Freedom of speech and the constructive criticism of government and office aspirants -

Freedom of speech and the constructive criticism of government and office aspirants

Constructive criticism of government and office aspirants is something which keeps the true essence of democracy alive in a country

Supporting one’s country’s policies and performing civil duties are some of the ways of keeping our country on the path of prosperity and development while keeping track of government activities, questioning the integrity of individuals aspiring to political offices being vigilant about them and highlighting loopholes in policies are also needed in a democracy.

In our country, we have people with different ideologies — some criticise the government policies and some support them, while others remain at the top of it appreciating the good policies and highlighting the drawbacks to improving governance. Also during campaigns for election, many Nigerians will have different opinions about the person they want to lead the country.

It’s common nowadays to see society divided into segments each with a different perspective about the policies undertaken by their governments or about who should be their leader; it is something which keeps the true essence of democracy alive. There are many instances in the past of governance and society improving because of the positive, sometimes thorough criticism by some people or groups of them. These examples give democracies around the world a chance of improving the quality of governance and hence create a better society.

In recent years in Nigeria, there has been a gradual change in the perspective of the people regarding their governments.
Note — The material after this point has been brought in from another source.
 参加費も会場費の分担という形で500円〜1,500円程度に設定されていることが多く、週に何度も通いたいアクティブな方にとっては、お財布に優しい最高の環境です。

Some of these changes tend to thrift towards ethnic and religious biases or political affiliations. While some of them are a very good sign of a progressive society where freedom of speech flourishes, some of them are quite worrying too especially when religion, political affiliations and ethnicism form the main point of these criticisms and not the general good of the nation. There is a common notion among some citizens that criticising a leader from their own religion or tribe or party is probably wrong and they should never allow anyone to exercise their freedom of speech to criticise any government policy or aspiring political candidate that they belong to their party, tribe or that has earned their loyalty. Depriving people of exercising their freedom as citizens including freedom of expression is a grave violation of human rights no matter the motive. No one is above criticism no matter how anointed they are or the good track record they have. In 2015, many people voted for Buhari because he had a seemingly good track record of fighting corruption and an austere lifestyle, a perfect antidote to the corrupt PDP ruling party at that time. But today, such people live in grave regrets as Buhari’s regime turns out to be not only the most corrupt but also the most difficult for most Nigerian masses to cope with due to immense suffering and poverty.
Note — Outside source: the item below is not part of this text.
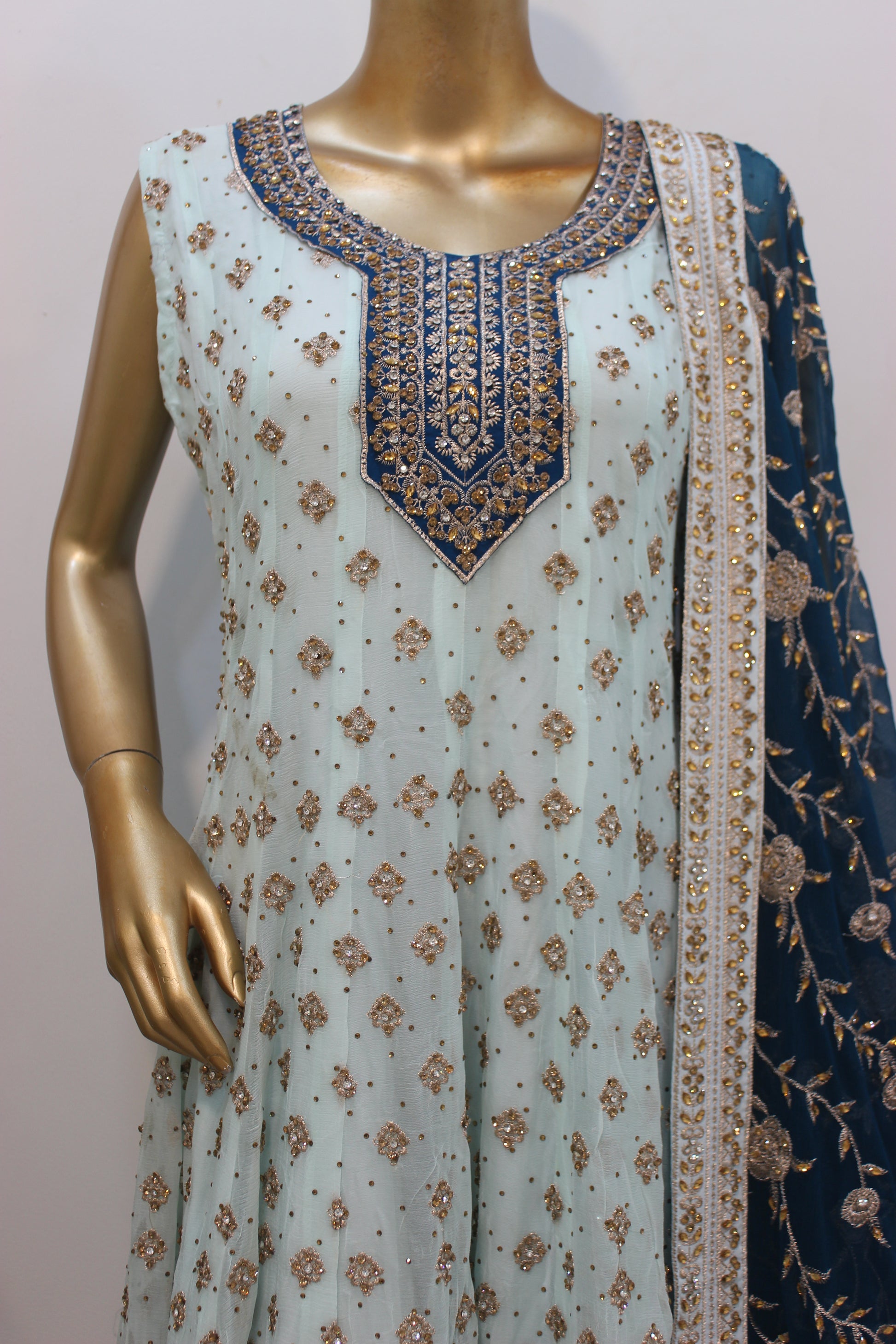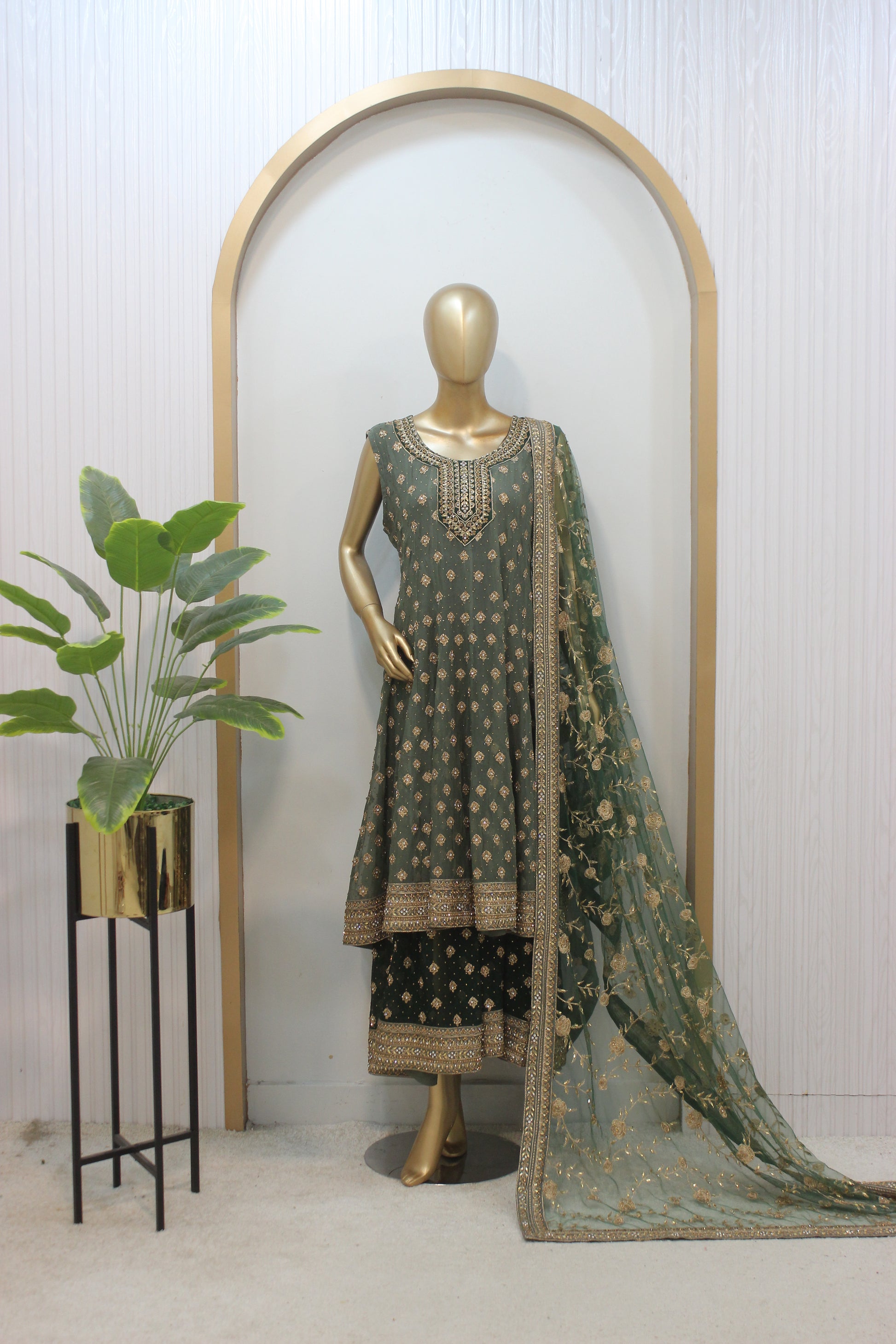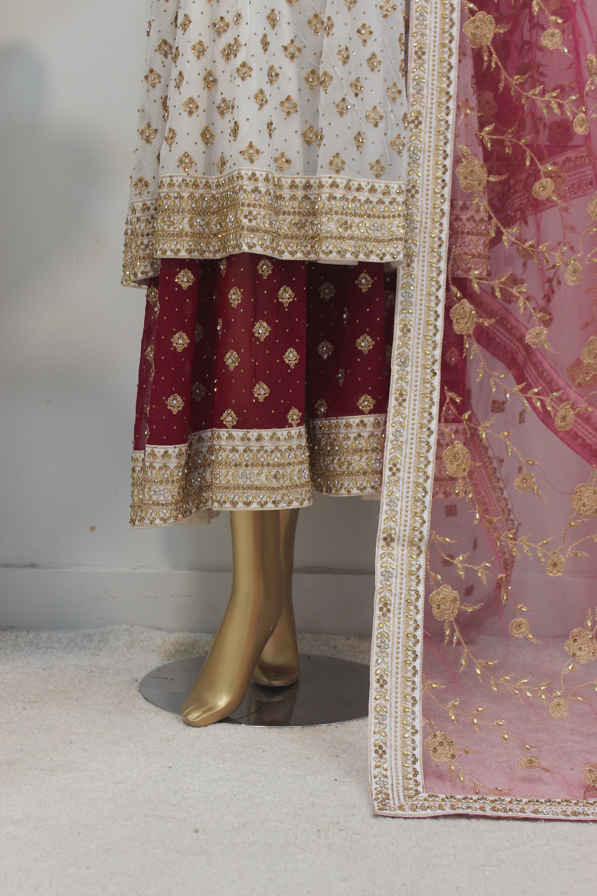 A heavily embroidered net dupatta (2.5 yards) completes the look with an ethereal touch – light, elegant, and rich in detail.

This idea which is significant in numbers needs to be thoroughly assessed. Chances might be there that some of the criticism may not be on the right note, but many of them if they are considered carefully can be helpful in the real-time assessment of the needs and expectations of the people from the government. Unfortunately, there is a decline in these voices nowadays because of the constant threats and abuses heaped on those who have different opinions or interests from the rest of the people or the majority.
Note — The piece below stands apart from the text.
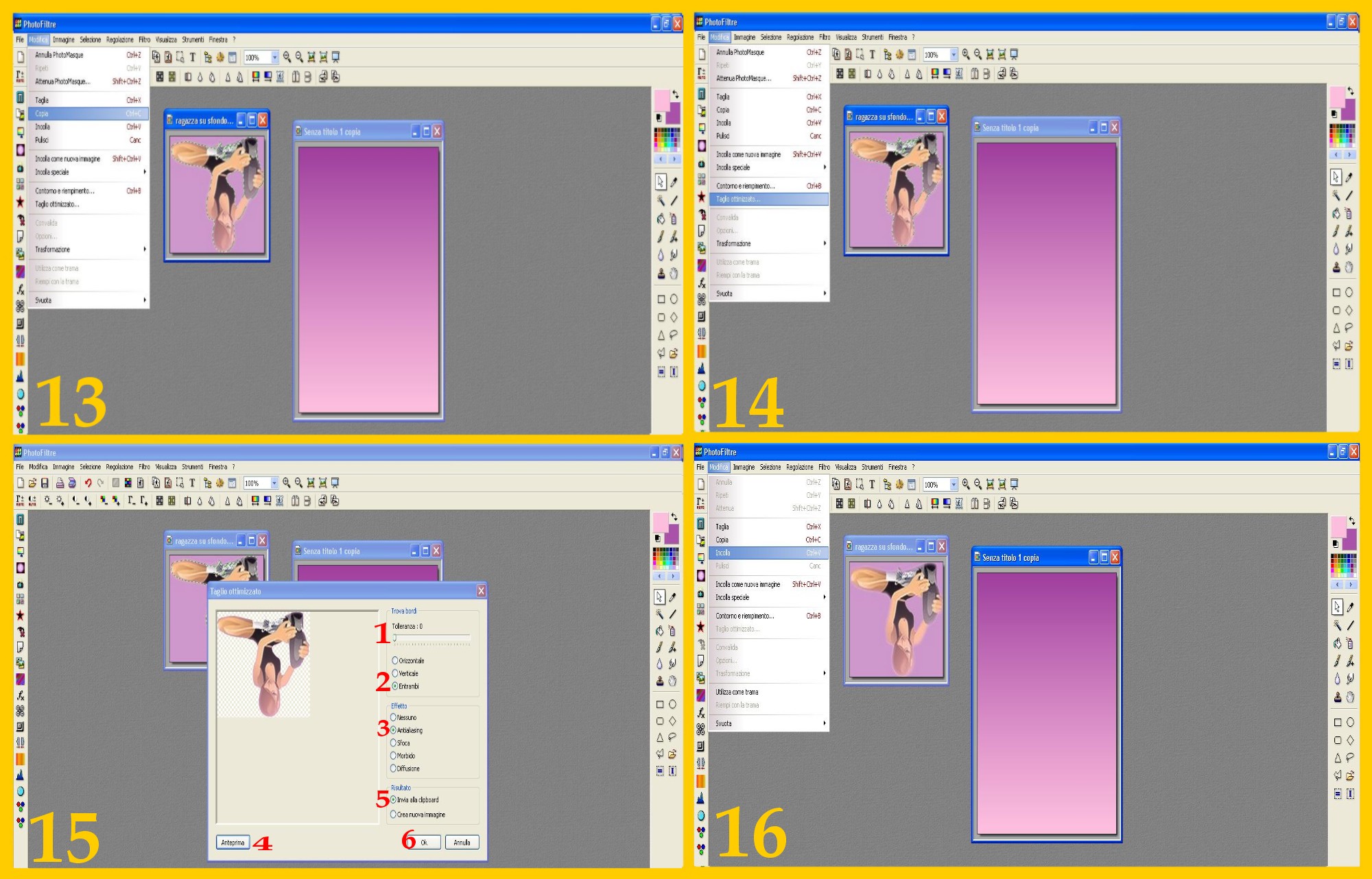 Continuate come nei punti 4 e 5 della prima parte. Io questa volta ho scelto come colore per lo sfondo il viola, voi dovrete comunque scegliere un colore non presente nella vostra immagine per cambiare il colore dello sfondo senza aver poi problemi all’incollatura.

People should realise that it is not the driving force of praise and overwhelming support which keeps the wheels of a government moving but also the steering force of people’s participation and criticism which keep a check on government and individual interests, and modify them if they fail to meet the expectations of society as a whole. It should be kept in mind that the power vested in the hands of people in a democracy is not only utilised for blindly praising the government or political candidates, no matter how seemingly good they are or perform but it should be used as an aid, to advise and correct the government whenever required so that the efficiency and quality of governance and public office holders is maintained.